Be prepared, weather can change quickly this time of year.

  • Check the weather pre ride.
  • Plan your ride with short-cuts to get home; if the weather changes, if you are over or under dressed, or if you have a mechanical, you want to make sure you can get home quickly.
  • Plan shorter distance rides if it is snowing – snow makes riding much more difficult and slow going. One of our experts points out: “A 20 mile loop that I ride year-round will take me under 1 hour in the summer but can stretch out to 2 hours in the winter pretty easily.”
  • Ride a little harder than normal to begin with to warm up quickly.
  • Try not to stop riding once you’ve started; if you’ve started sweating at all, you’ll get cold FAST once you stop.

9. Stay Hydrated

  • In colder temps, it’s very easy to forget to drink, and you can get dehydrated quickly. Even though it is cold out, your body still needs fluids.
  • If it is below freezing, add salt to water to keep it liquid. Use a drink mix like Gatorade or Nuun to keep your water from freezing.
  • Put a second water bottle of HOT water in your back jersey pocket as you leave to keep you initially warm. Also the body heat will keep that one liquid throughout the ride.

10. Stay Visible

Dress with bright colors and flashing lights. Usually on gloomy days a blinking light will show up in the middle of the day. Motorists are less likely to look for cyclists in the winter, so making a bold statement you are on the road will keep you from getting hit.

11. Prepare Your Bike

  • Keep bike maintenance up to date. You don’t want to get stuck on the road trying to fix a mechanical.
  • Keep flats to a minimum with training tires that have extra flat protection.
  • Use fenders. Salted roads are consistently wet down to 0 degrees.

12. Master Ice and Snow

If the climate where you live is snowy, keep these additional tips in mind.
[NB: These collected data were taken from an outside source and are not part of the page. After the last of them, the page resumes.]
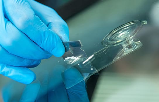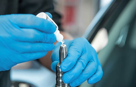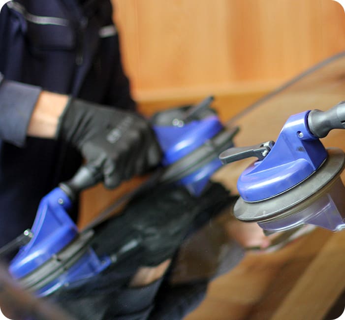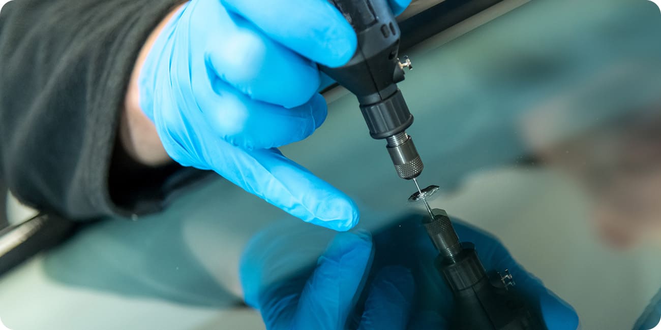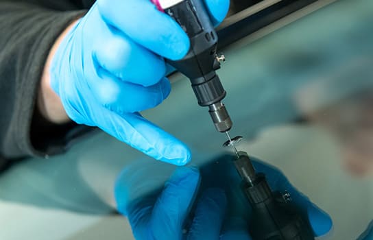 フロントガラスには2枚のガラスの間に特殊樹脂フィルムが挟まれた合わせガラスが使用されています。表側のガラスに深い傷がつくと、空気が入り込み、傷が大きくなりひび割れを引き起こします。専門業者は専用機器を使って空気を抜き取り、ガラスリペア剤を注入し、紫外線で固めて補修します。
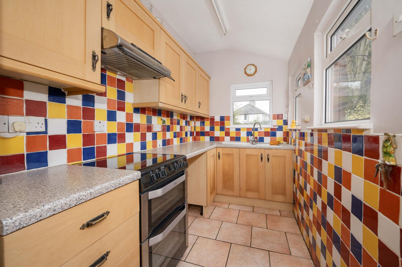 With excellent range of high and low level units, worktops, stainless steel sink and chrome mixer tap, space for cooker, extractor hood above, part tiled walls, plumbed for washing machine, space for fridge freezer, space for dryer, additional storage space, ceramic tiled floor, wood effect uPVC double glazed access door to rear garden, dual aspect windows.
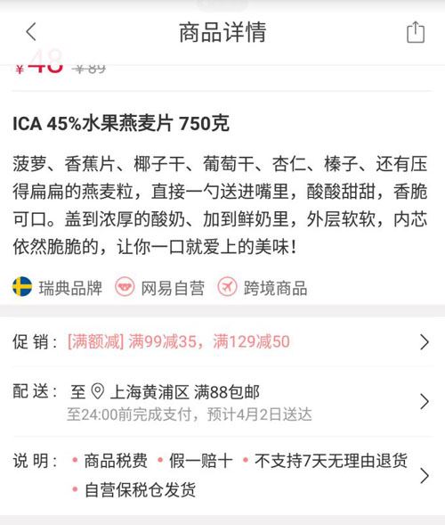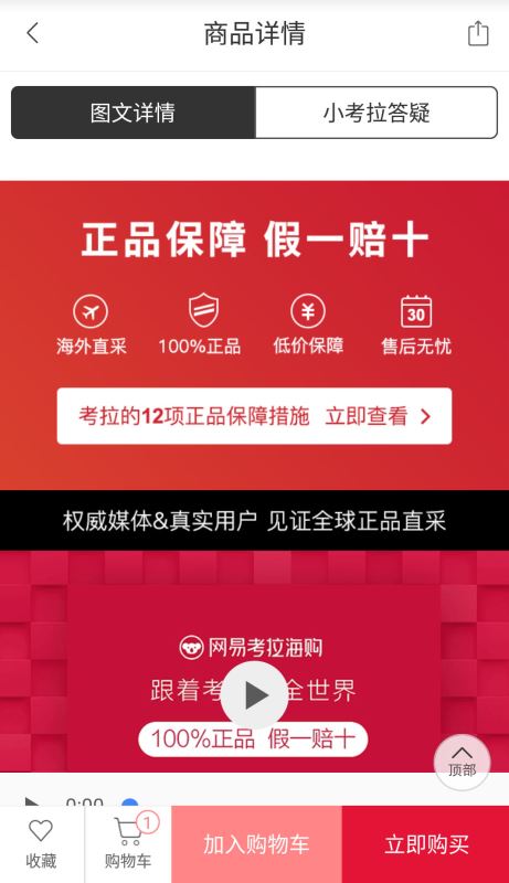 比如網易考拉,它在商品詳情頁的底部會用一整屏的內容來凸顯他們對用戶的承諾:正品保障,假一賠十。非常的簡單粗暴,但又讓人信服。
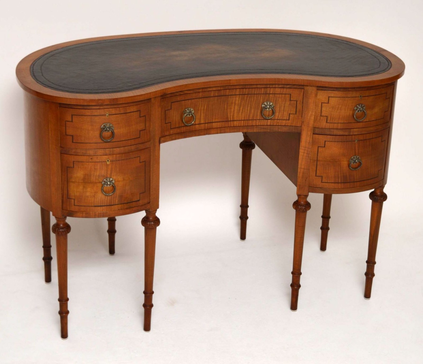 Antique Elegant Edwardian Inlaid Mahogany Kidney Shaped Desk c.1910

  • Ride platform pedals instead of clip-ins during the snowy and extra cold months. If need be you can put your foot down faster if you lose balance, and you can wear thicker, warmer boots.
  • Be prepared to crash – it is going to happen, so don’t take your nice bike out unless you are looking for an excuse to upgrade come Spring. Lots of layers sometimes help cushion the fall.
  • Be able to get off your bike fast – crashing on ice is much faster than crashing on pavement or dirt, there is no skidding and then falling. You are just riding along one second, and literally the next second you hit the ground and are sliding on the ice. Some people use Pam or other cooking oils on their cleats/pedals for faster release.

Manned with these tips, you should be able to ride when it’s in the 40’s, 30’s, 20’s (degrees Fahrenheit), and even colder, and you can extend your outdoor riding season into the winter.